Esa indefinición puede volver loco a cualquiera. El rapero salvadoreño Alberto Durán Ramírez dice que por eso él trata de evadirse elaborando rimas. Ahora está escribiendo una canción que se llama Fuera de la realidad. Empieza así: "La sociedad de otro país te rechaza sin saber cuáles fueron los motivos que te echan de tu casa". Mientras decide qué hacer, Alberto, de 17 años, se gana en la calle unas monedas de gente a la que le gustan sus rimas.
El albergue está regentado por una madre y una hija. El angosto edificio tiene salón, cocina, dos cuartos para hombres, uno para mujeres, un espacio para hacer la colada y una oficina. Las paredes están decoradas con mensajes de unidad de pueblos y razas. Unas voluntarias estadounidenses dibujaron en un muro a La Bestia, como se conoce a los trenes de mercancías a los que suben los inmigrantes para llegar hasta su destino. En ese trayecto a menudo son extorsionados por los carteles, secuestrados y asesinados. Las mujeres intentan hacerse pasar por hombres para evitar violaciones.
Empata Ecuador y las esperanzas de ver clasificarse a Honduras comienzan a diluirse. A los centroamericanos les anulan dos goles. "El pinche árbitro principal dice que era mano. El de la banda, que no. Llega un tercero y dice que sí. Un desmadre. Pero no es gol", explica Arlén José sobre lo que estamos viendo en televisión.
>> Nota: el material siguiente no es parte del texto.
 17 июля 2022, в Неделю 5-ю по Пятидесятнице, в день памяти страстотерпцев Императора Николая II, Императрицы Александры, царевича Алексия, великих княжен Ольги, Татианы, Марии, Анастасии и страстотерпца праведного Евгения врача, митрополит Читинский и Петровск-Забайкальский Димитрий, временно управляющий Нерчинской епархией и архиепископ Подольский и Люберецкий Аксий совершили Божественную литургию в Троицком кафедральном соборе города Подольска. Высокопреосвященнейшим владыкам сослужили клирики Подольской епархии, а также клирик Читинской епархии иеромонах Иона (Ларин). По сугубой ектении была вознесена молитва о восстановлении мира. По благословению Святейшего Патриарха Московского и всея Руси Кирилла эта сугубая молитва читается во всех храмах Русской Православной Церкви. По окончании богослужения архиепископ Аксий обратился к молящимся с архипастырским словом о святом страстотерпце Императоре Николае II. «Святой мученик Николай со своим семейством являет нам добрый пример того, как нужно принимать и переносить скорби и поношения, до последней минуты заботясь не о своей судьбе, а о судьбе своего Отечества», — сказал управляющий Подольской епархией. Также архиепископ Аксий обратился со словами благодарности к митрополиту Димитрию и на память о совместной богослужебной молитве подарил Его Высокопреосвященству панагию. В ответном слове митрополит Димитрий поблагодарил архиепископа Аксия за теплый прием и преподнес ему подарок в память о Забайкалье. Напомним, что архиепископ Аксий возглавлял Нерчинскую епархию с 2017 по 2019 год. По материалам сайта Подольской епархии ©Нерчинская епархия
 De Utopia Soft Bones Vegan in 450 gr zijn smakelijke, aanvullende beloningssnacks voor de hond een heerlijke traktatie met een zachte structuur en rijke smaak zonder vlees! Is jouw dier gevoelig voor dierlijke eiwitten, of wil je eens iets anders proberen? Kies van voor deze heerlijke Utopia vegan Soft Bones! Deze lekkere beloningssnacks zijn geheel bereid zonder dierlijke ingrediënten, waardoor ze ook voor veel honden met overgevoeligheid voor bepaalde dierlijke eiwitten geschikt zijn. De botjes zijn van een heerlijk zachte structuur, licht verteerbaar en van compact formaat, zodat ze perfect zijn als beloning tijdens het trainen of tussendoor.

"Les intentamos convencer de que no sigan con el viaje. Es muy peligroso", cuenta la voluntaria Patricia Mortera, de 17 años. Su madre, la mexicana Gabriela Hernández, decidió abrir el centro hace dos años. Tienen un cupo de 25 personas. En comunidad cocinan, limpian y ordenan la casa. En la cocina cuelga un cartel: "No dejes que tus seres queridos vivan con la angustia de no saber si estás vivo o muerto. Si puedes, comunícate con ellos".
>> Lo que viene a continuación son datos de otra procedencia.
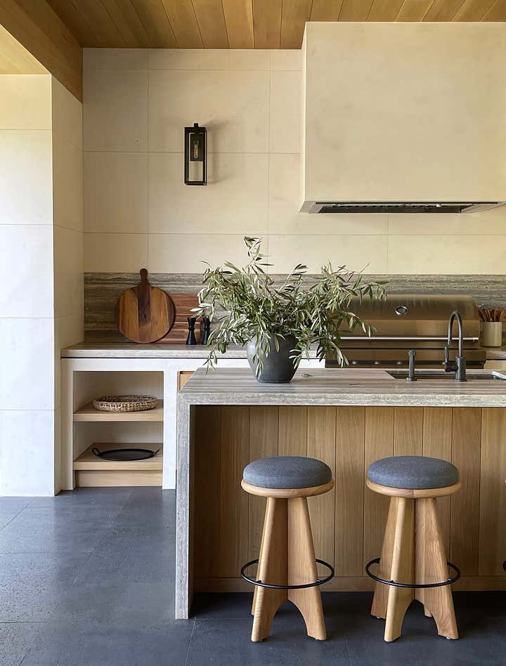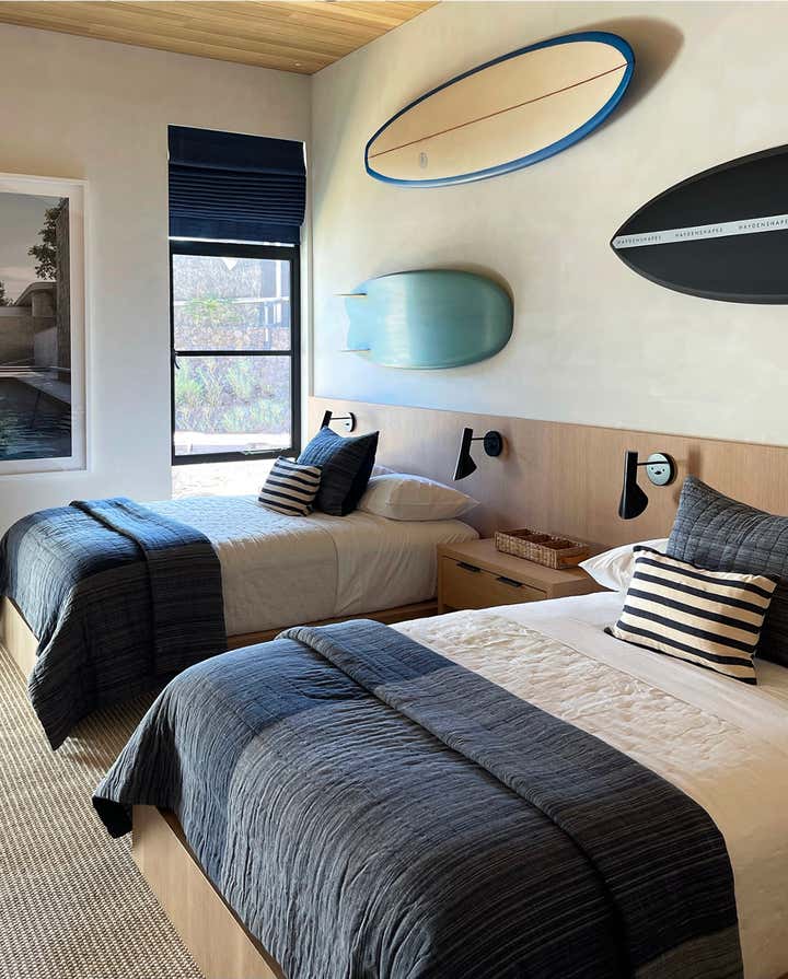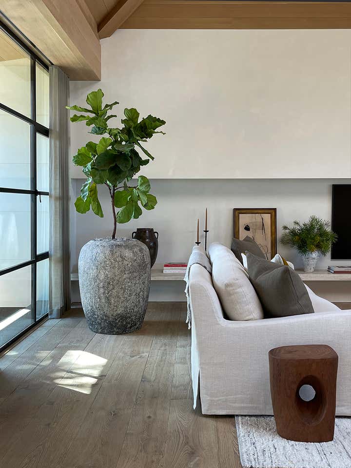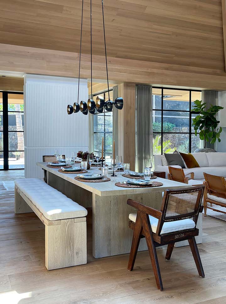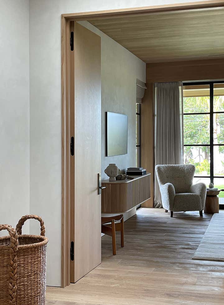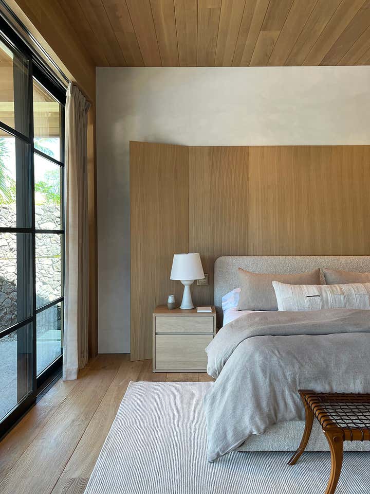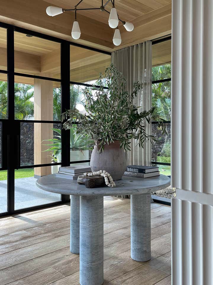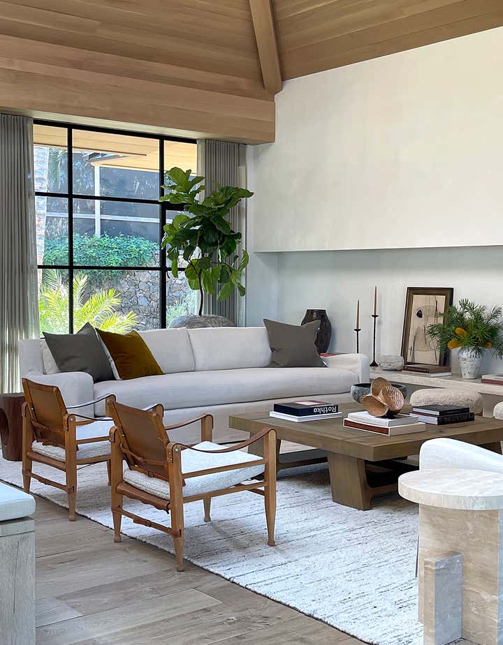 The homeowners asked designer Nam Dang-Mitchell to create airy, serene interiors that would promote a lifestyle best described as barefoot living. Inside, it feels breezy and laid-back, thanks to the plaster walls and wood-clad ceilings that add understated warmth. A material mix of stone, soft linens, woven fabrics and unfussy slipcovers is beachy yet sophisticated. The thoughtful, eclectic mix of vintage and new furniture and accessories also reflects the client's discerning style.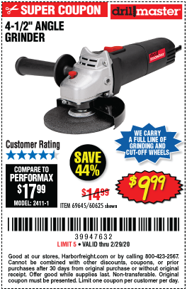 DRILLMASTER 4-1/2" ANGLE GRINDER Lot No. 69645/60625 Expired: 2/29/20 - $9.99 Coupon Code: '39947632'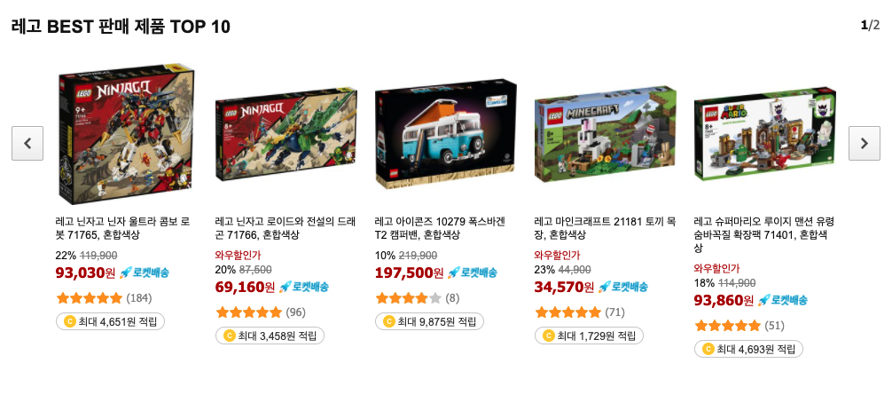 인기 레고 제품 Top10

El hondureño Manuel de Jesús Gálvez Padilla cruzó a Méxicoaprovechando el despiste de dos policías que habían abandonado la garita para fumar un cigarrillo. Caminó a un lado de la carretera durante días hasta que unos chicos en moto lo asaltaron. Le dispararon cuatro veces. Cuando relaja el gesto se observa el surco en la piel que le dejó uno los balazos que le pasó rozando la frente. Un centímetro más y estaría muerto. Gálvez fue portero en Urraco Pueblo, su localidad natal, y ahí desarrolló buen paladar para el fútbol. Es el mayor de los que está en la sala, tiene 54 años. Los muchachos ya se han acostumbrado a sus discursos grandilocuentes sobre el sentido del viaje que han emprendido. En mitad del partido comienza a hablar sobre el poder y el dinero que ansían en esta aventura. Hasta que le cortan de raíz: "Manuel, brother, queremos ver el fútbol. Relájese".
En el descanso ha llegado otro par de hondureños que trabaja en la construcción. El "patrón" no les dio salida hasta que cayó el sol. Ecuador se adelanta poco después 2-1, el que a la postre será el marcador final. Óscar Cabrera, de 23 años, parece el más preocupado por el mal resultado de su selección. Fue futbolista en las categorías inferiores del Marathón, un equipo de la ciudad de San Pedro Sula. En 2007 metió 22 goles durante una temporada, su mejor registro. No pudo hacer carrera de futbolista, en parte porque pasaba buena parte del día amasando pan. Hoy está aquí vestido de chándal, con unas alpargatas. Dispuesto a subirse al próximo tren que le prometa un mejor porvenir. Dispuesto a arriesgarlo todo.